# Short-Stack: Pushing Back the Pin Bandwidth Wall with FinFET-based eDRAM In-Package Last Level Cache

He Xiao, Wen Yueh, Saibal Mukhopadhyay, *Member, IEEE*, and Sudhakar Yalamanchili, *Fellow, IEEE* School of Electrical and Computer Engineering, Georgia Institute of Technology, Atlanta, GA, 30332 {hxiao, wyueh3}@gatech.edu, {saibal.mukhopadhyay, sudha.yalamanchili}@ece.gatech.edu

Abstract—The slow growth of the number of pins per package coupled with increasing device densities is leading to decreasing off-chip memory bandwidth per core which in turn leads to reductions in system level performance. In this work we present a 2-tier stacked IC structure, referred to as the *Short-Stack*, to push back this pin bandwidth wall. The Short-Stack consists of a processor die of multiple cores in the bottom tier, and a multi-banked last level cache (LLC) die including the memory controllers and network-on-chip (NoC) in the top tier, face-to-face bonded with the processor tier. We characterize the timing delay, power consumption, and density of an eDRAM implementation of the LLC, and consider a range of LLC designs using SRAM and eDRAM. Using a full-system, cycle-level simulator, we conduct a quantitative analysis of a 16-core Short-Stack executing SPLASH-2 benchmarks. We present performance results in comparison to i) a traditional 2D processor implementation and ii) a multi-tier 3D package with stacked DRAM memory in terms of performance, power and energy efficiency

Index Terms-Pin Bandwidth, Short-Stack, 3D IC, FinFET eDRAM.

## **1** INTRODUCTION

S computing systems move to extreme scale, the number  ${
m A}$  of cores integrated into the package will dramatically increase exerting pressure on the pin bandwidth between the on-chip cores and off-chip memory system. According to a recent study, supply pins will take up a large proportion of the total number of pins in a package [1], indicating a decreasing available pin bandwidth per core and affecting energy and time performance especially for memory intensive applications. To address this pin bandwidth problem, we propose an effective approach to reduce the off-chip bandwidth requirements by deploying 3D IC technology and optimizing the cache system using FinFET based eDRAM. The novel microarchitecture, referred to as the Short-Stack, stacks the processor tier and the LLC tier together into a single package with face-to-face bonding. With the abundant LLC capacity offered by eDRAM, large inter-tier bandwith and low-latency communication can overcome the performance loss due to limited pin bandwidth. It is also demonstrated to be competitive with 3D architectures using stacked DRAM (i.e. Micron's Hybrid Memory Cube) in terms of manufacturing complexity and TSV reliability.

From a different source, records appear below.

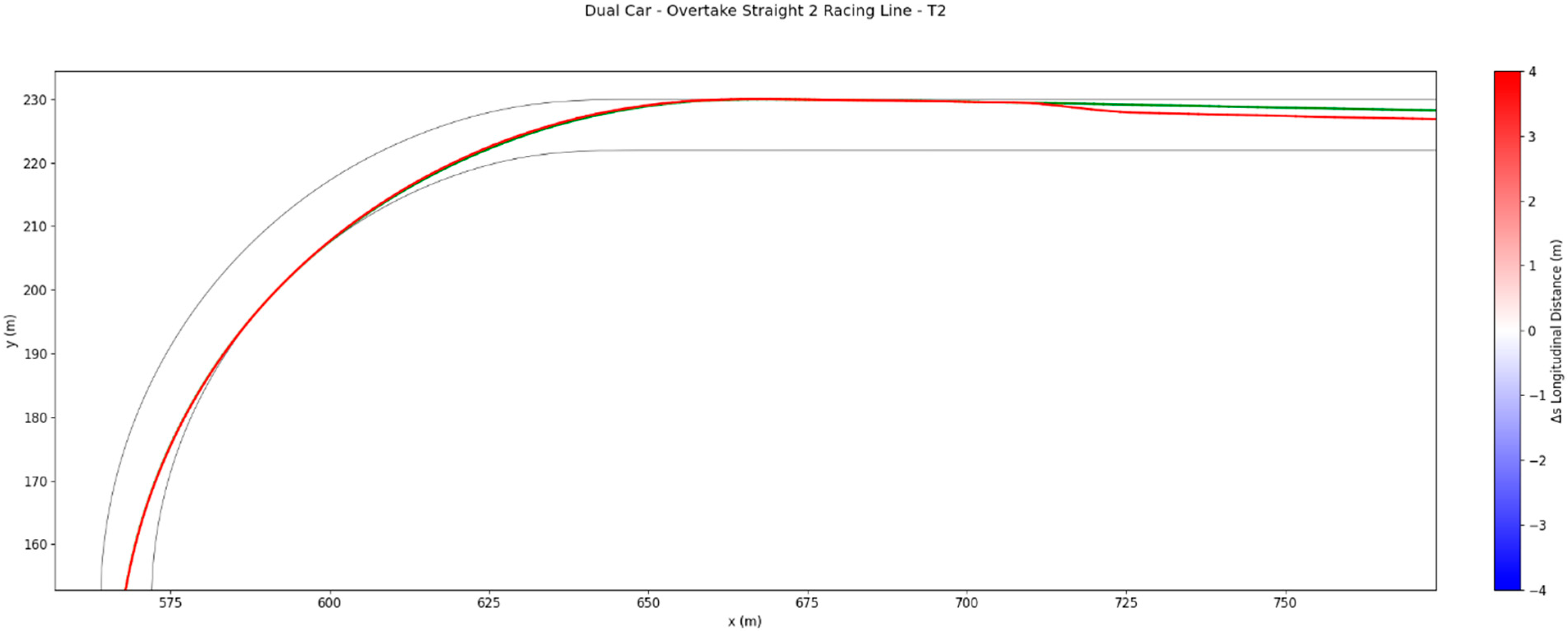 Through Turn 2, the racing line remains broadly similar to that of the ghost car, but another lateral deviation occurs at the exit. The active car shifts outward by approximately 0.26 m away from the ghost’s wake, again improving downforce and restoring a more favourable aerodynamic balance for traction. This manoeuvre sets up the subsequent overtaking attempt on the following straight by maximising exit speed.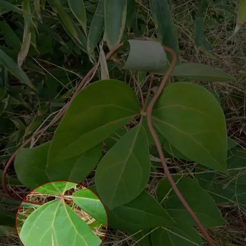 落叶木质藤本,长达到10余米。藤径粗达9厘米,全株无毛;当年枝条暗红色,老树皮有时纵裂。三出复叶,或兼具单叶,稀全部为单叶;叶柄长与3-12厘米;小叶革质,顶生小叶近棱状倒卵圆形,长4-12.5厘米,宽3-9厘米,先端急尖,基部渐狭成6-15毫米的短柄,全缘,侧生小叶斜卵形,先端急尖,基部内面楔形,外面截形或圆形,上面绿色,下面淡绿色,干时常变为红褐色,比顶生小叶略大,无小叶柄。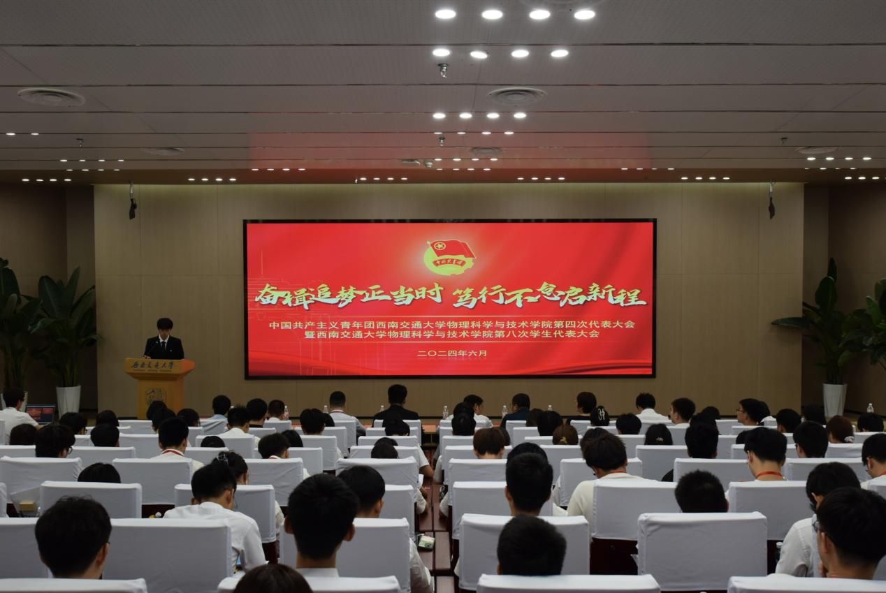 启航新征程,奋进在物理。6月20日下午,共青团太阳成集团tyc122cc第四次代表大会暨第八次员工代表大会在犀浦校区图书馆二号报告厅隆重举行。校团委书记武俊,物理科学与技术公司党委副书记兼副经理郭剑,校员工会主席陈晓宇,来自各兄弟学院团委的负责同志,以及太阳成集团tyc122cc一百余位青年师生代表出席了大会开幕式,全校多个兄弟学院团委也通过贺信、贺电等方式向大会的召开表示热烈祝贺。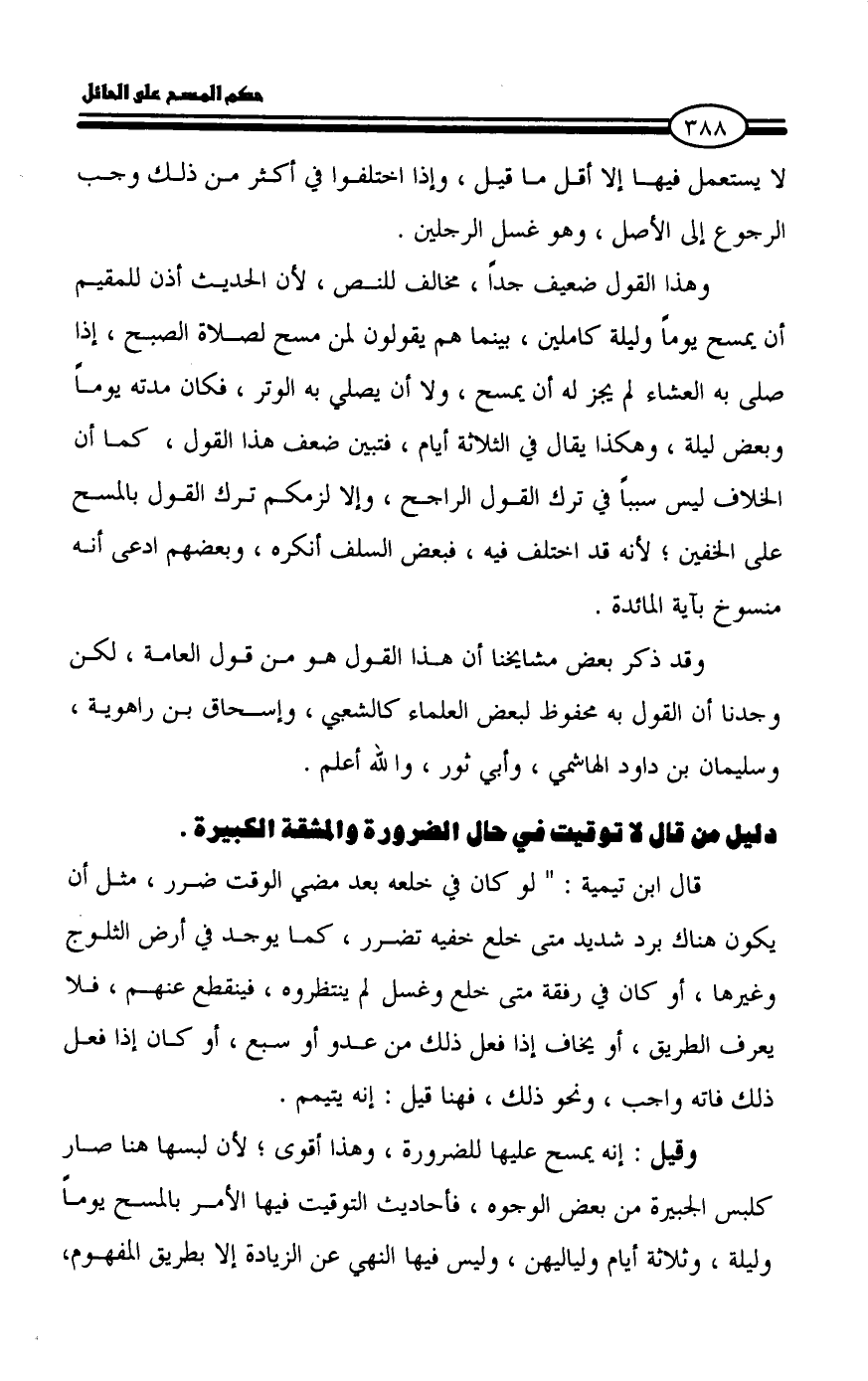 وهذا القول ضعيف جداً، مخالف للنص، لأن الحديث أذن للمقيم أن يمسح يوماً وليلة كاملين، بينما هم يقولون لمن مسح لصلاة الصبح، إذا صلى به العشاء لم يجز له أن يمسح، ولا أن يصلي به الوتر، فكان مدته يوماً وبعض ليلة، وهكذا يقال في الثلاثة أيام، فتبين ضعف هذا القول، كما أن الخلاف ليس سبباً في ترك القول الراجح، وإلا لزمكم ترك القول بالمسح على الخفين؛ لأنه قد اختلف فيه، فبعض السلف أنكره، وبعضهم ادعى أنه منسوخ بآية المائدة.

In this paper, we focus on a homogenous multicore architecture as our target microarchitecture that uses sixteen. x86 out-of-order cores. Each core has a private L1 cache and shares the LLC with other cores. The model is constructed with a cycle-based full system simulator Manifold [2], which adopts the eDRAM characterizations from our HSpice simulation. The simulation also deploys the Energy Introspector library [3] that provides multi-physics modeling capability, e.g., thermal, energy, and reliability. We compare the performance of the Short-Stack with a traditional planar processor design and a 3D architecture with DRAM stacks [4] in terms of performance, power consumption and energy efficiency. The results show that the Short-Stack has considerable promise to deal with evolving pin bandwidth constraints.

# 2 PIN BANDWIDTH PROBLEM

The total pin count doubles approximately every six years on average across difference ranges of processor design [1]. Meanwhile, the supply pins required for the package grows as the square root of the supply current to maintain constant resistive loss per supply pin, indicating an increasing pressure on signal pins available for the package.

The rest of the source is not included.